Dans Ce qu’aimer veut dire, Mathieu Lindon écrit ce qu’aimer veut dire à un aimé et à un père. Un père dont cet aimé a enseigné dans sa « véridiction » à mieux déchiffrer l’amour, qui est, pour un fils, toujours si ardu à lire. Cela, Mathieu Lindon l’écrit comme aimer veut dire. L’aimé – qui n’est point amant, mais ami bouleversant – se nomme Michel Foucault. Le père, Jérôme Lindon. C’est à eux deux, d’abord, qu’aimer ici veut dire – du dire d’aimer, qui est toujours à hauteur de mort. Autour de ces deux figures centrales, c’est à d’autres encore qu’aimer s’adresse – Hervé Guibert, Rachid O., Corentin, par exemple. Au lecteur enfin, car qui aime veut faire aimer les aimés. Fidèlement, Mathieu Lindon ouvre avec prodigalité, comme elle lui fut ouverte, la porte de l’appartement de Michel Foucault, lieu de joie et de métamorphose, lieu de la jeunesse sans âge. Cet appartement constitue dans le roman une sorte de double comique de son propriétaire. Non content de louer la bonté, la délicatesse, l’attention, l’élégance, la discrétion et la noblesse de Michel Foucault, Lindon va jusqu’à louer son appartement. Il compose un précieux précis de gratitude.

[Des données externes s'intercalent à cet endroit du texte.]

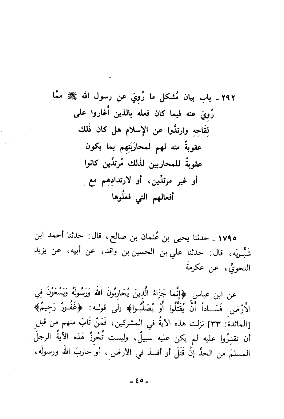 1795 - حَدَّثَنَا يَحْيَى بْنُ عُثْمَانَ بْنِ صَالِحٍ قَالَ: حَدَّثَنَا أَحْمَدُ بْنُ شَبُّوَيْهِ قَالَ: حَدَّثَنَا عَلِيُّ بْنُ الْحُسَيْنِ بْنِ وَاقِدٍ , عَنْ أَبِيهِ , عَنْ يَزِيدَ النَّحْوِيِّ , عَنْ عِكْرِمَةَ , عَنِ ابْنِ عَبَّاسٍ , {إِنَّمَا جَزَاءُ الَّذِينَ يُحَارِبُونَ اللهَ وَرَسُولَهُ وَيَسْعَوْنَ فِي الْأَرْضِ فَسَادًا أَنْ يُقَتَّلُوا أَوْ يُصَلَّبُوا} [المائدة: 33] إِلَى قَوْلِهِ {غَفُورٌ رَحِيمٌ} [البقرة: 173] نَزَلَتْ هَذِهِ الْآيَةُ فِي الْمُشْرِكِينَ , فَمَنْ تَابَ مِنْهُمْ مِنْ قَبْلِ أَنْ تَقْدِرُوا عَلَيْهِ لَمْ يَكُنْ عَلَيْهِ سَبِيلٌ , وَلَيْسَتْ تُحْرِزُ هَذِهِ الْآيَةُ الرَّجُلَ الْمُسْلِمَ مِنَ الْحَدِّ إِنْ قَتَلَ أَوْ أَفْسَدَ فِي الْأَرْضِ أَوْ حَارَبَ اللهَ وَرَسُولَهُ , -[46]- ثُمَّ لَحِقَ بِالْكُفَّارِ قَبْلَ أَنْ يُقْدَرَ عَلَيْهِ , لَمْ يَمْنَعْهُ ذَلِكَ أَنْ يُقَامَ فِيهِ الْحَدُّ الَّذِي أَصَابَهُ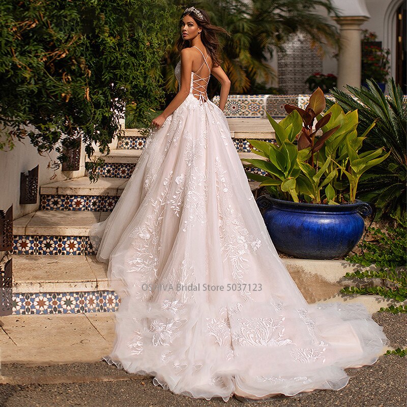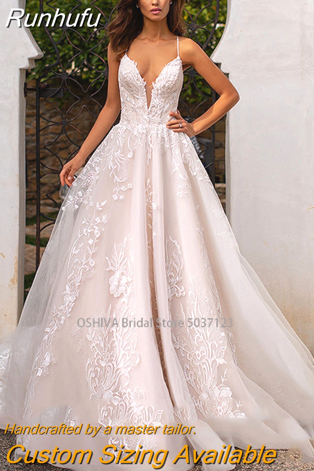 Runhufu V-Neck A-Line Wedding Dresses Spaghetti Straps Lace Appliques Princess Floor Length Bridal Gowns

J’ai d’importantes réserves à l’égard de l’autofiction, en particulier quand la part de l’imagination et des distorsions créatrices y semble faible. Cette pratique me semble condamnée à falsifier, à envenimer les rapports de celui qui en use avec les êtres qui lui sont intimes, à réduire la liberté de ces rapports. À cela s’ajoute le danger évident du narcissisme. Ces réserves sont à la fois d’ordre éthique et esthétique. Dans Ce qu’aimer veut dire, cependant, l’écrivain prend le plus souvent le dessus sur l’auto-feinteur (fiction vient de fingere et mérite donc d’y retourner). Par amour de la vérité précisément, Lindon ne peut être qu’étranger au registre de la transparence et de la transparution littérale. Ceux qui s’adonnent au démon de la transparence s’exposent surtout à rencontrer toujours le même inconvénient : avec eux, la vérité est mal biaisée. Lindon, au contraire, connaît l’art vrai du biais. Il sait aussi ce qu’aimer veut taire.
J’ai traversé Ce qu’aimer veut dire comme une haute futaie. Lisant les cent premières et les cent dernières pages, j’étais dans les arbres, c’est-à-dire dans la joie, emporté. Les cent pages du milieu m’ont semblé comporter parfois quelques longueurs (trop de drogues, trop d’amants !). Écrivant cela, je suis certain de croiser demain un ami au goût très sûr qui m’affirmera qu’il n’a aimé, quant à lui, que ces pages-là.
Littérature nomme le point où se déploient simultanément et inextricablement deux voyages dans le temps : celui dans la temporalité du récit et le voyage du lecteur dans le temps de sa propre existence, différent à chaque lecture, ouvrant des voies de hasard, répondant à de lointains échos. Cette expérience constitue le cœur de la jouissance de la lecture. Lisant Ce qu’aimer veut dire, j’ai été visité par des réminiscences de l’époque – il y a quinze ans – où j’ai lu le très beau Prince et Léonardours de Mathieu Lindon et où je me suis plongé avec admiration dans l’œuvre d’Hervé Guibert. Je sais que ces livres m’étaient des cabanes dans les arbres, des lieux habitables.
Chez Lindon comme chez Guibert, j’aime la grande liberté de la construction, des enchaînements vifs, joyeux, inopinés. Dans Ce qu’aimer veut dire, les digressions sur Flaubert, sur Willa Cather, sur Becket, sur Stifter et les éloges de la bonté. J’aime la joie des maladresses burlesques du langage, le fil en aiguille heureux de l’écriture, les pieds dans le tapis, l’humour rocambolesque des longues phrases étirées, sinueuses, aventurées. La causalité enfin conçue pour ce qu’elle est : une très longue blague.